As important in EVEP’s big three basins: the Appalachia; the Austin Chalk; and the San Juan, there are plays developing that will come through us as I have already mentioned. In the Chalk EnerVest and EVEP have one million acres. Not only is the Eagle Ford below the Chalk but the Chalk itself has rarely been fraced at all and the gas in place is enormous. Something you probably don’t know, the matrix for the Austin Chalk is greater than for the Eagle Ford. We will soon do the industry’s first multistage frac in the Chalk.

In the San Juan there are numerous conventional and unconventional reservoirs that are under exploited. Our upcoming horizontal well in Bear Canyon will, we believe, be the first multistage horizontal frac there. In all three basins we have major concentrated positions and are encouraged by our ongoing work for the past year. We will discuss these in more details at a planned analyst and portfolio managers’ meeting in Houston in late June.

Now, Mike Mercer will provide more details about our financial results and Mark Houser will discuss operations.

Mark A. Houser

For the first quarter of this year our adjusted EBITDA was $32.2 million which is 3% increase over last year’s first quarter and approximately a 7% decrease over the fourth quarter of 2009. Distributable cash flow was $20.1 million, about a 19% increase over last year’s first quarter and approximately a 5% decline over the fourth quarter of ’09. Our production for the quarter was 5.83 bcfe. That’s about a 3% decline over last year’s first quarter but is really flat versus last year’s first quarter if you adjust out those NGLs that you may remember we had produced earlier but ended up having those fraced, sold and booked under GAAP in the first quarter of last year. It’s also approximately a 6% decline in total production from the fourth quarter of ’09 or about a 3.4% decline in daily production.

Net income was $46.1 million or $1.68 per unit. Now, that included a $32.7 million non-cash mark-to-market gain on our commodity interest rate derivatives and that you know, was primarily due to declines in prices, specifically gas prices from January of this year through March of 2010. It also included a $1.1 million non-cash compensation expense. Excluding these amounts, net income would have been approximately $14.5 million for the quarter.

In LOE for the quarter, as John has mentioned, we had relatively small but we want to mention it here, a $240,000 non-cash inventory expense and that relates to the crude oil that was purchased in the EXCO acquisition. As some of you may know, under GAAP accounting when you purchase crude inventories, you have to book them at the current market price of the commodity and because of that it runs through the income statement, the LOE, at that higher price $80 a barrel rather than your production costs. It’s kind of a onetime thing. it’s a non-cash charge, it’s really just part of the purchase price being moved quickly through the income statement and as those inventories are produced and we typically do it in about a quarter that rolls off.

The reason we want to mention that and John had mentioned it briefly was that in the second quarter of this year we would expect approximately a $3 million charge to LOE. This is a non-cash charge and it simply relates to the fact that when we close the Range acquisition we have to allocate value to the crude inventories that are in the tanks that we acquire and those are booked, as I said, somewhere between $80, maybe up to $90 a barrel and those run through LOE at that price.

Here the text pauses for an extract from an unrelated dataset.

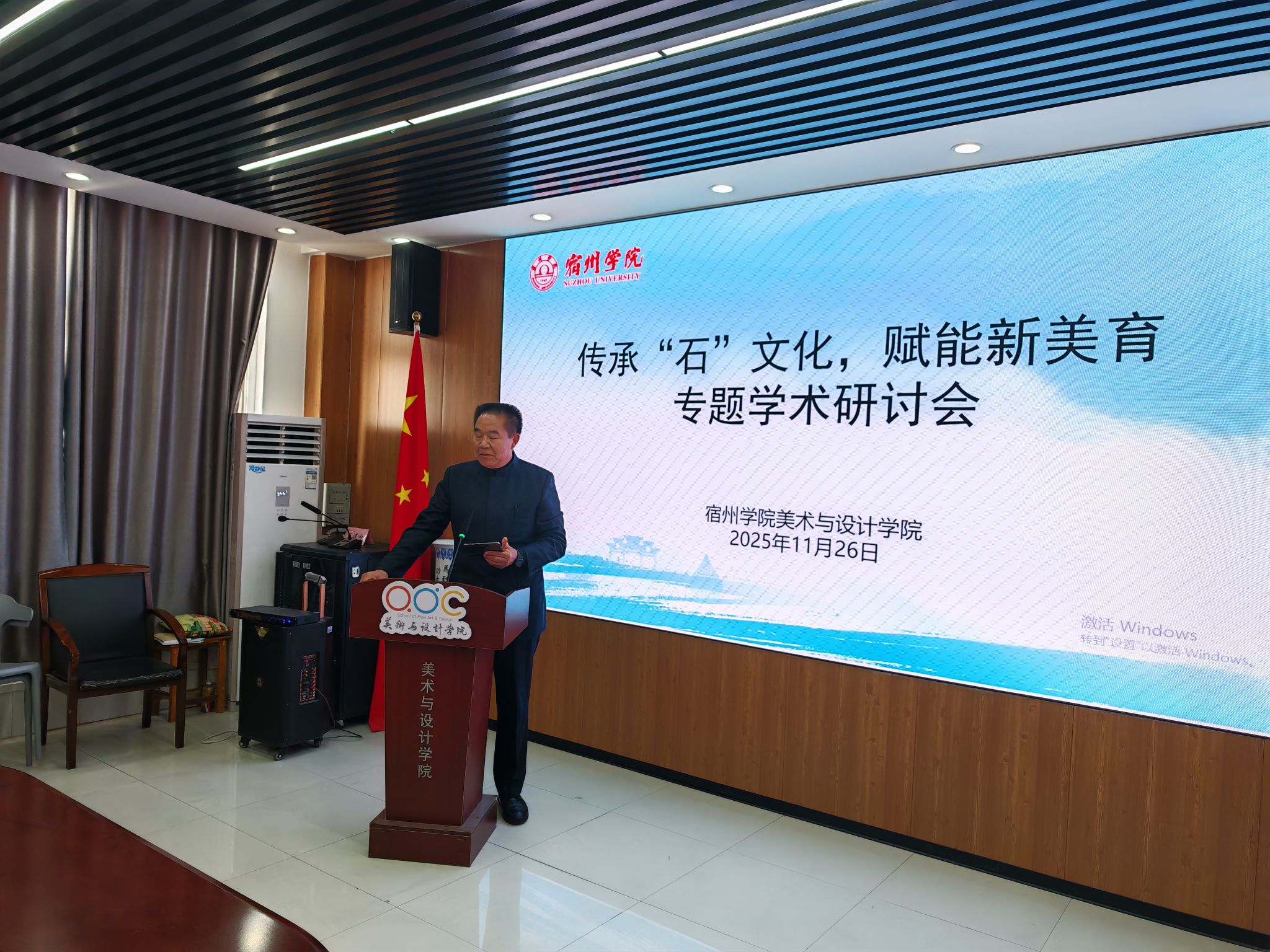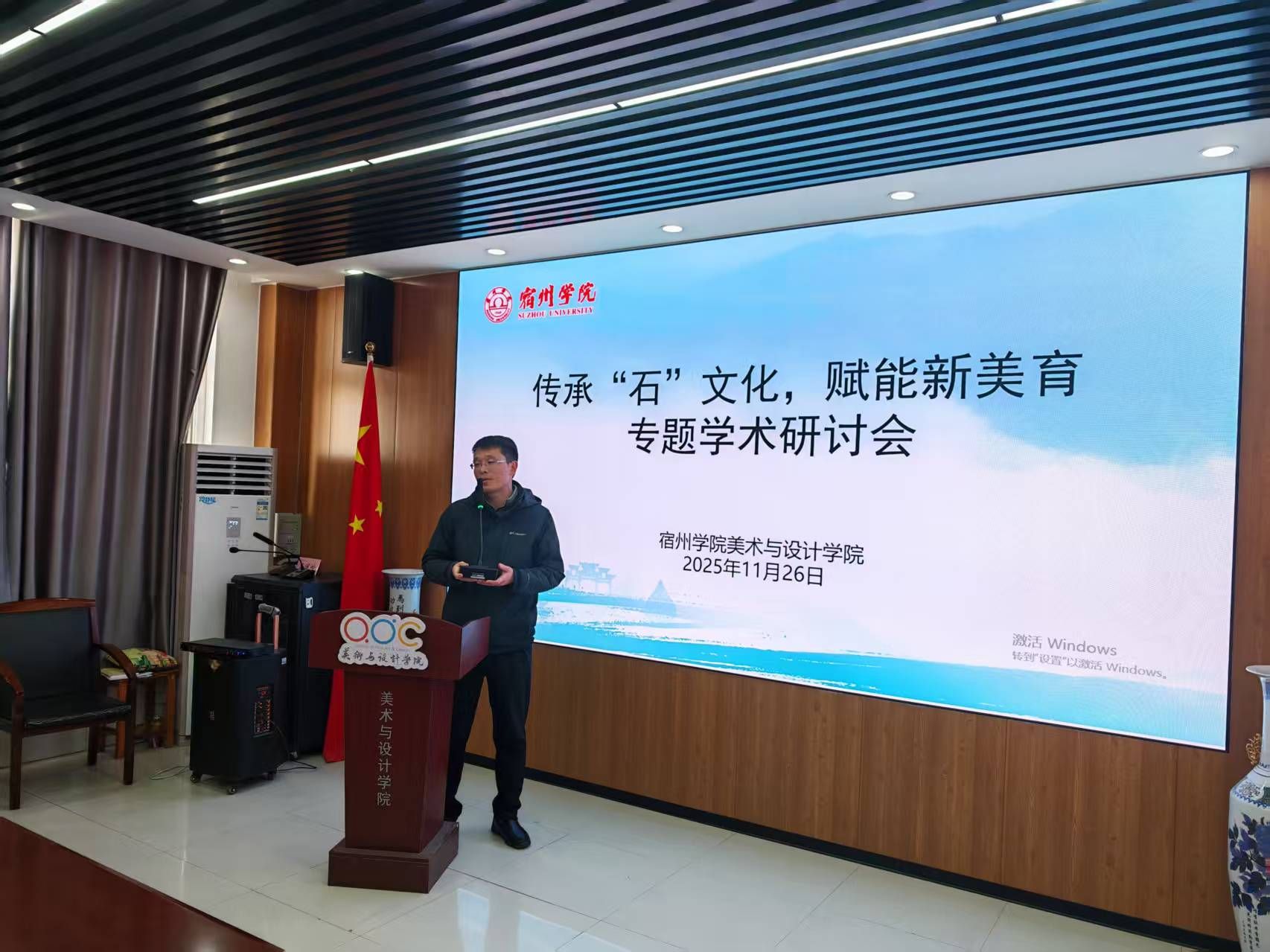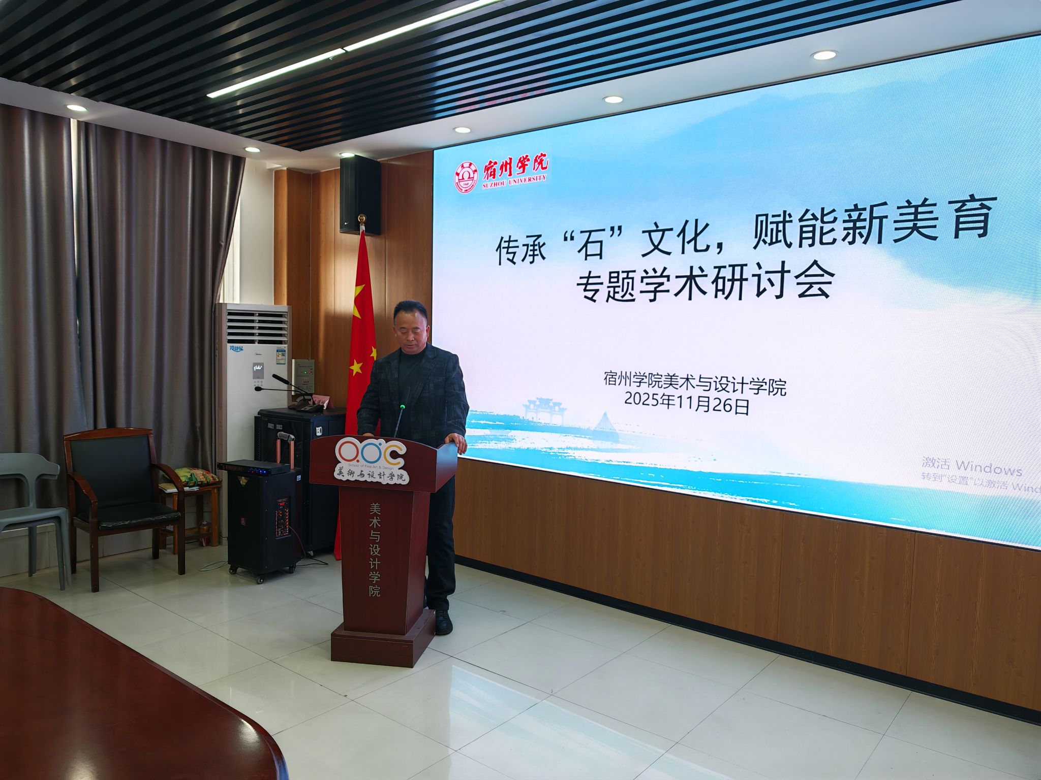 美育是立德树人、培根铸魂的重要事业,也是内容和形式需要与时俱进的时代课题。2025年11月26日,美术与设计学院主办的“传承‘石’文化 赋能新美育”学术研讨会在四楼会议室举行,来自业界的专家和灵璧石文化研究学者20余人参加了研讨会。研讨会由李娟教授主持,学院党委书记赵国付致辞,院长杨文艺作总结。

So instead of the typical price that we would have running through the LOE of maybe $11 or $12 a barrel.

That will be a onetime thing you should look for next quarter. We did not put that in our guidance, it is a non-cash charge and we will have those as well as other companies any time we make acquisitions that have significant crude inventories in the tanks at the time of acquisition. At the end of the quarter we had $326 million of net debt. That’s after funding the closing of the Range acquisition on March 30, 2010.

Now, turning to our adjusted guidance that we published here with the quarterly numbers, the reason that we wanted to publish adjusted guidance is number one, we did not close on the full amount of the range assets. As John had mentioned there were some that still have third party consents that are to be obtained. When we published guidance, it was significantly before closing and we assumed we were going to close on all of Range acquisition at the end of the quarter.

So, we needed to adjust for the fact that we didn’t acquire all of that production. Now, we also only spent $130 million on that acquisition instead of $152 million. It was about $10 million less than we had initially planned so we had lower capital required for that acquisition. We also, because of commodity prices, specifically natural gas prices and where they are today have decided for the moment to reduce our capital budget by about $7 million or about 25% of the total for 2010. Most of that reduction will incur in the second through the fourth quarter, although we did spend a little more than $1 million less in the first quarter of the year.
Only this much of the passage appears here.